Moreover, the mechanics of the subnet are especially well-suited to this challenge. An ideal incentive mechanism defines an asymmetric workload between the validators and miners. The necessary proof of work (PoW) for the miners must require substantial effort and should be impossible to circumvent. On the other hand, the validation and rewarding process should benefit from some kind of privileged position or vantage point so that an objective score can be assigned without excess work. Put simply, rewarding should be objective and adversarially robust.
Protein folding is a textbook example of this kind of asymmetry; the molecular dynamics simulation involves long and arduous calculations which apply the laws of physics to the system over and over again until an optimized configuration is obtained. There are no reasonable shortcuts. While the process of simulation is exceedingly compute-intensive, the evaluation process is surprisingly straightforward. The reward given to the miners is based on the ‘energy’ of their protein configuration (or shape). The energy value compactly represents the overall quality of their result, and this value is precisely what is decreased over the course of a molecular dynamics simulation.
When the simulations finally converge, they produce the form of the proteins as they are observed in real physical contexts, and this form gives rise to their biological function. Thus, the miners provide utility by preparing ready-for-study proteins on demand.
From deep learning to a deep blue sky
We believe that in the future, Bittensor will become an essential tool for researchers around the world. At Macrocosmos, we are developing powerful and reusable tools which enable us to reformulate hard research problems - from energy minimization to matrix diagonalization and constrained optimizations - as efficient and robust incentive mechanisms. By building a subnet to solve for protein folding, we are taking a step towards a generally applicable framework for conducting research on physical systems.
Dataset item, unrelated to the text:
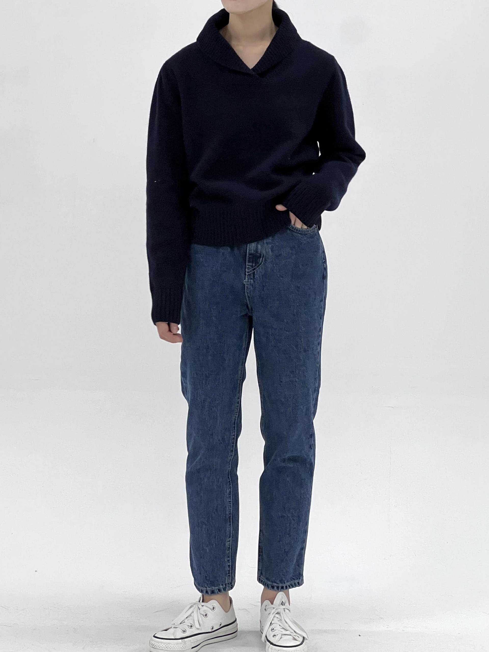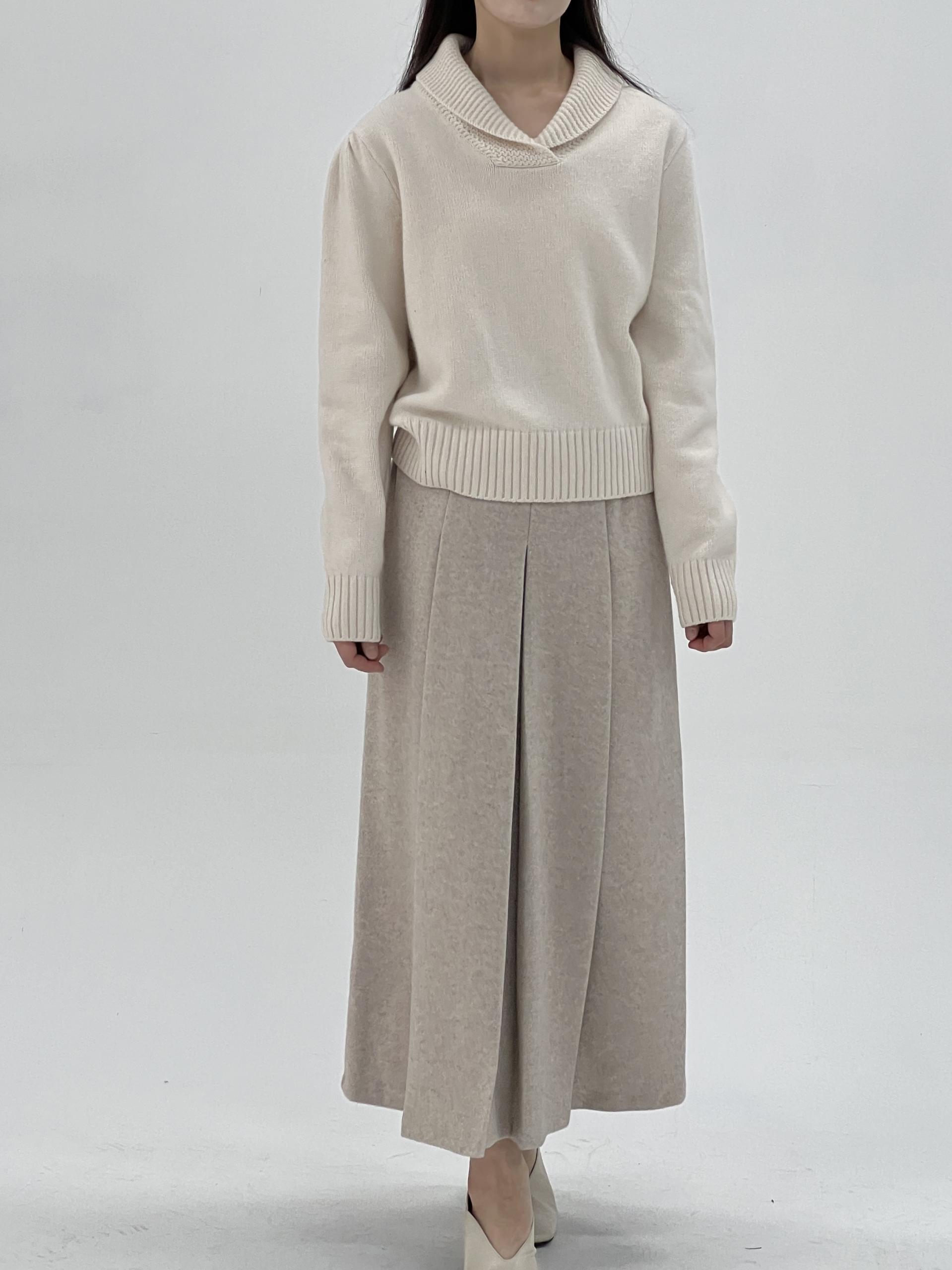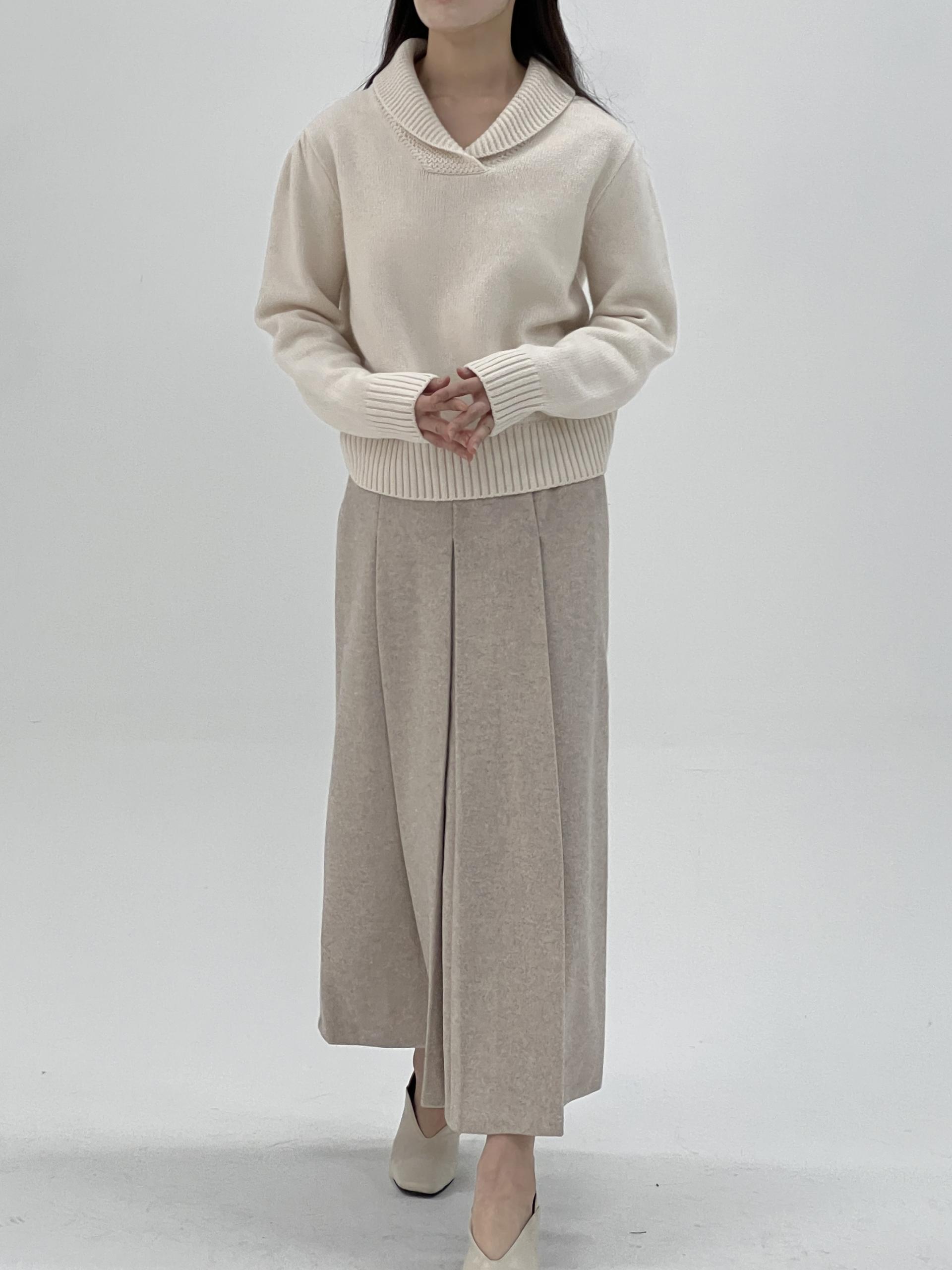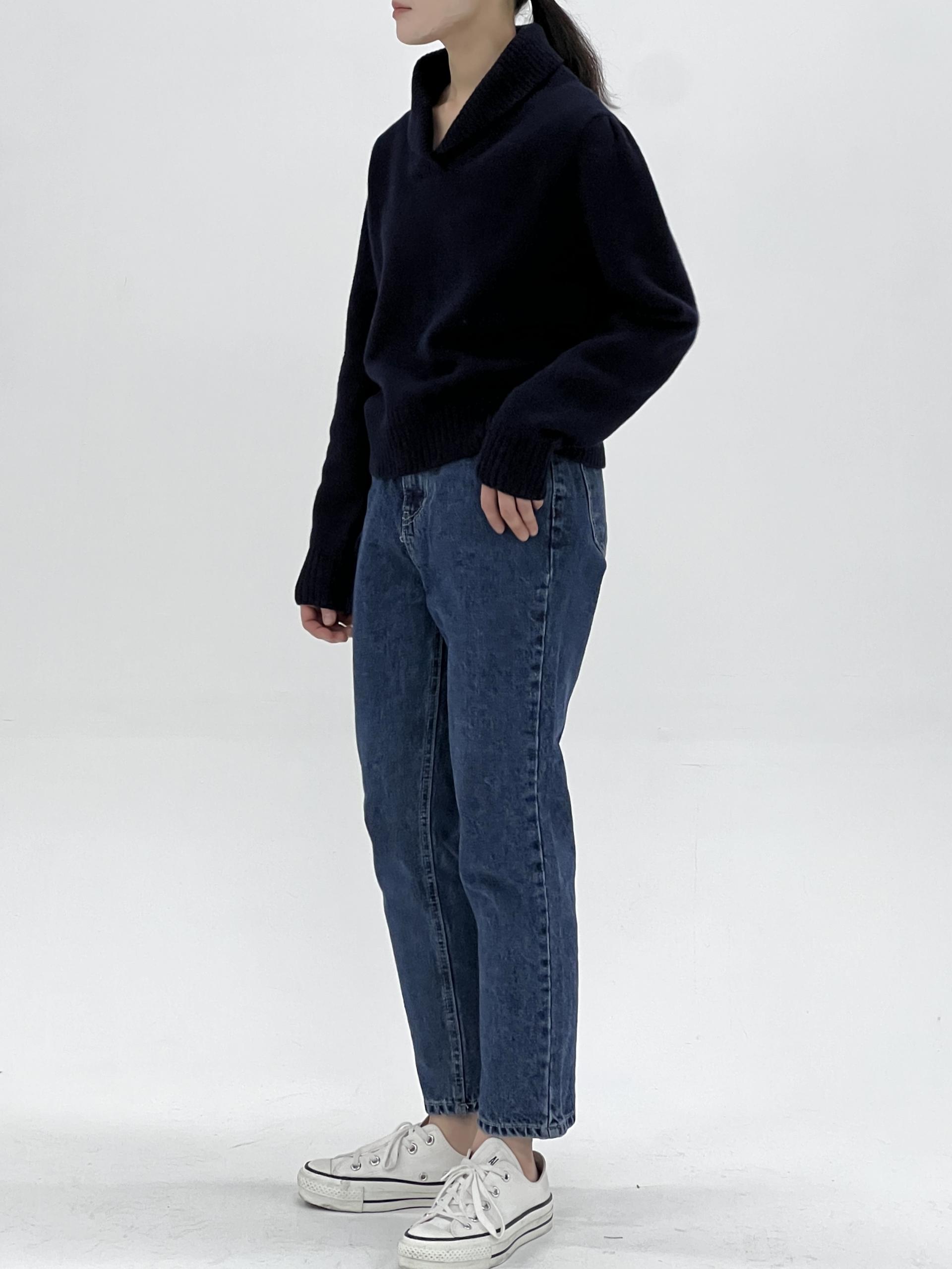 - 얕은 깊이의 숄 카라 디자인이 안정감을 느끼게 해주는 니트 웨어

We call this project ‘deep blue sky’.
Protein folding is a notoriously difficult research problem. But that’s why we chose it: to demonstrate that Bittensor can tackle the worlds’ hardest research problems, and to motivate academics and universities to begin building research subnets. We’re working with researchers around the world, to help them to benefit from the immense computational resources that can be procured from decentralized networks. By bringing together their subject matter expertise with our incentive mechanism and Bittensor expertise, our goal is to build subnets which drive cutting edge research for the benefit of all of humanity.